━━━ Provided data

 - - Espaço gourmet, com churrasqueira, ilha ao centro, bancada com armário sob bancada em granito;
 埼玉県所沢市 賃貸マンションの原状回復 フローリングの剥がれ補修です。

━━━━━━
━━━ Provided data

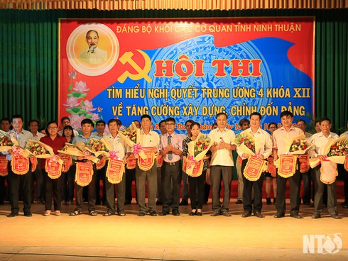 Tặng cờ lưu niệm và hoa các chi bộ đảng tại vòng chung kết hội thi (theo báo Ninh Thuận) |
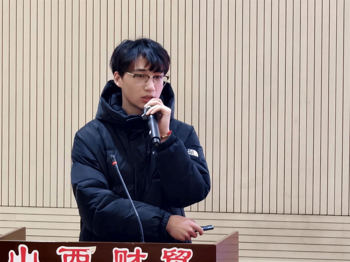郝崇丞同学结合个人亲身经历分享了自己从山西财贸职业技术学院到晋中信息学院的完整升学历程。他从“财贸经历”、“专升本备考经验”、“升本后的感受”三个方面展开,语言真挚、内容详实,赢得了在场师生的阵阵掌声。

━━━━━━

■ How to complete this task: Above, find the line holding "Tặng cờ lưu" and the line holding "郝崇丞同学结合个人亲身经历分". Print exactly those two lines and every line between them, but no pictures.

■ Finished task:
 Tặng cờ lưu niệm và hoa các chi bộ đảng tại vòng chung kết hội thi (theo báo Ninh Thuận) |
郝崇丞同学结合个人亲身经历分享了自己从山西财贸职业技术学院到晋中信息学院的完整升学历程。他从“财贸经历”、“专升本备考经验”、“升本后的感受”三个方面展开,语言真挚、内容详实,赢得了在场师生的阵阵掌声。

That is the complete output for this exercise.